= Inverse gas chromatography =

Technique used to study the properties of some materials

Analytical gas chromatography A (top) compared with inverse gas chromatography B (bottom). While in gas chromatography a sample containing multiple species is separated into its components on a stationary phase, Inverse gas chromatography uses injection of a single species to probe the characteristics of a stationary phase sample.

Inverse gas chromatography is a physical characterization analytical technique that is used in the analysis of the surfaces of solids.

Inverse gas chromatography or IGC is a highly sensitive and versatile gas phase technique developed over 40 years ago to study the surface and bulk properties of particulate and fibrous materials. In IGC the roles of the stationary (solid) and mobile (gas or vapor) phases are inverted from traditional analytical gas chromatography (GC); IGC is considered a materials characterization technique (of the solid) rather than an analytical technique (of a gas mixture). In GC, a standard column is used to separate and characterize a mixture of several gases or vapors. In IGC, a single standard gas or vapor (probe molecule) is injected into a column packed with the solid sample under investigation.

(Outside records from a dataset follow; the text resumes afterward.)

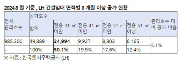 | | ¨Ï (ÁÖ)¿Â¾ç½Å¹®»ç | | ¿ÃÇØ 8¿ù ±âÁØ LH°¡ °ü¸®Çϰí ÀÖ´Â °Ç¼³ÀÓ´ë´Â ÃÑ 98¸¸ 5õ300È£Àε¥, ÀÌ Áß 4¸¸ 9õ889È£(5.1%)°¡ ÇöÀç 6°³¿ù ÀÌ»ó °ø½ÇÀÌ´Ù. 3³â ÀÌ»ó ÃÊÀå±â °ø½Çµµ 3õ910È£(0.4%)³ª µÆ´Ù.
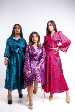 The product is customized to the model size: Bust 104 cm, Waist 85 cm and Hip 114 cm.
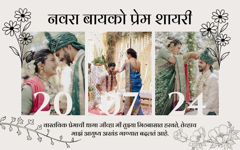 नमस्कार आणि स्वागत आहे Terrific Wishes वर! 🙏💖 आपल्या प्रेमाला शब्दांचा रंग देण्यासाठी आम्ही येथे आहोत. जेव्हा आपल्या मनातील भावना व्यक्त करायच्या असतात, तेव्हा नवरा बायको प्रेम शायरी हा सर्वोत्तम मार्ग आहे. 🌹 प्रत्येक जोडप्याच्या प्रेमकथेत काही खास क्षण असतात, काही गोड बोलणे असते, आणि काही अव्यक्त भावना असतात – आणि त्या सगळ्यांना आवाज देण्यासाठी नवरा बायको प्रेम शायरी हे परफेक्ट माध्यम आहे. आमच्या या ब्लॉगमध्ये आपल्याला मिळणार आहेत प्रेमळ, रोमँटिक, आणि मनाला स्पर्श करणाऱ्या शायरी जे आपल्या जीवनसाथीला विशेष वाटू शकतील. 💑
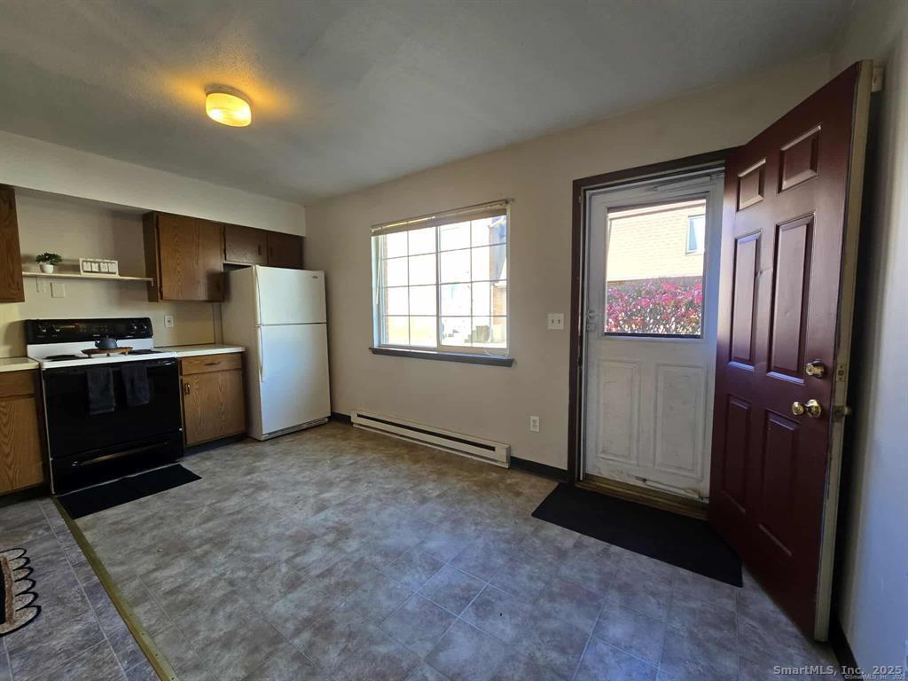 This spacious 2-bedroom townhouse features a bright living room, a convenient half bath, and a kitchen with a breakfast bar for additional seating. The second floor includes two large bedrooms, a full bathroom, upstairs laundry, and ample storage, including an attic with pull-down stairs. Off-street and visitor parking! The property is located near East Mountain Park, Brass Mill Center, various shopping options, and offers easy access to Route 8, I-84 and Route 69. Available immediately. Good credit required. No prior evictions. Small pets may be considered.
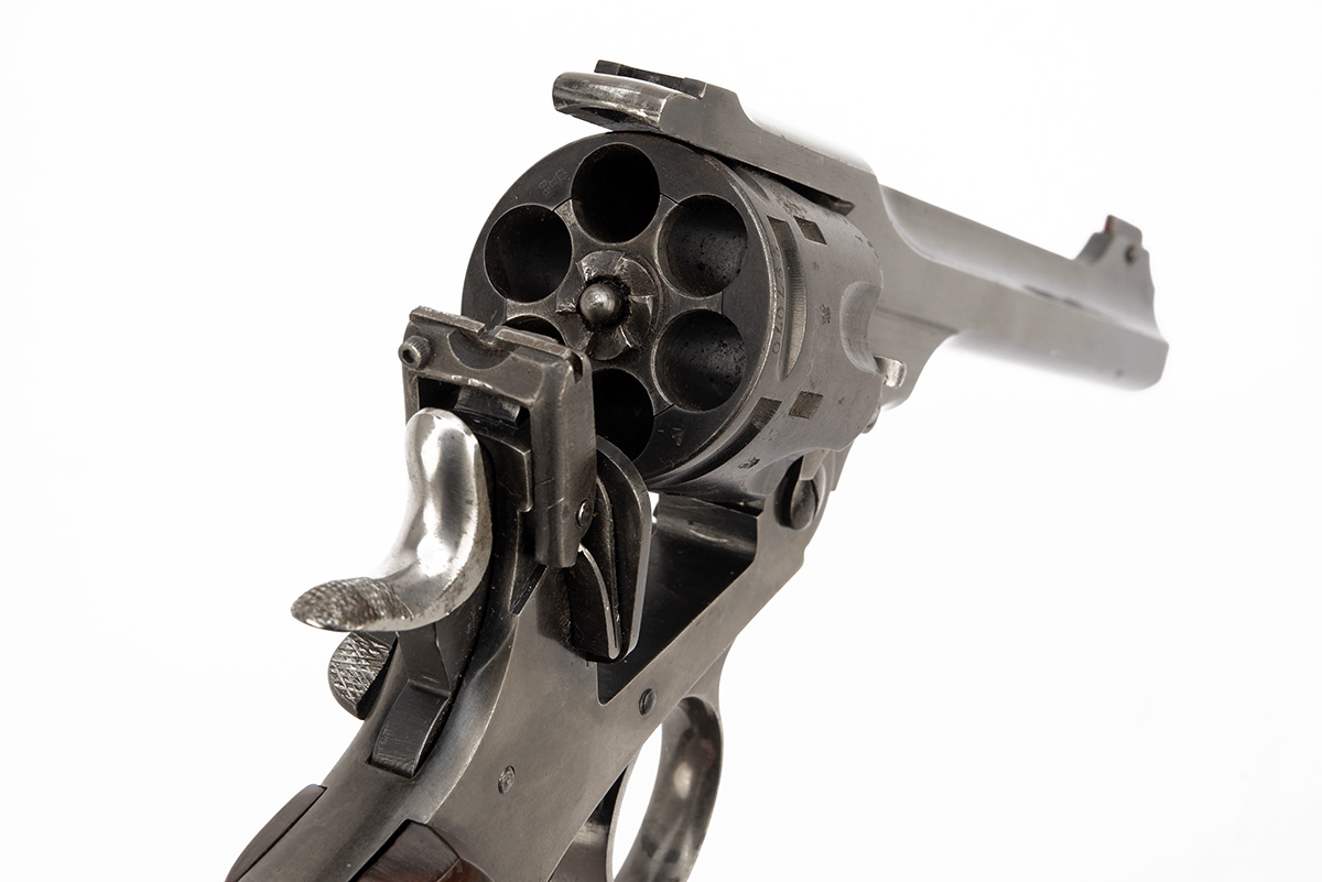 A WEBLEY & SCOTT .455 CUSTOM MKVI REVOLVER, serial no. 297070, dated for 1917, with re-blued 6in. barrel, fluted cylinder, break-open frame and smooth walnut right-hand birdshead grips, the frame butt reprofiled, refinished
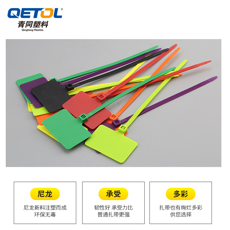 尼龙防水标牌扎带批发加粗印字线路一次性彩色物流标签标牌扎带

During an IGC experiment a pulse or constant concentration of a known gas or vapor (probe molecule) is injected down the column at a fixed carrier gas flow rate. The retention time of the probe molecule is then measured by traditional GC detectors (i.e. flame ionization detector or thermal conductivity detector). Measuring how the retention time changes as a function of probe molecule chemistry, probe molecule size, probe molecule concentration, column temperature, or carrier gas flow rate can elucidate a wide range of physico-chemical properties of the solid under investigation. Several in depth reviews of IGC have been published previously.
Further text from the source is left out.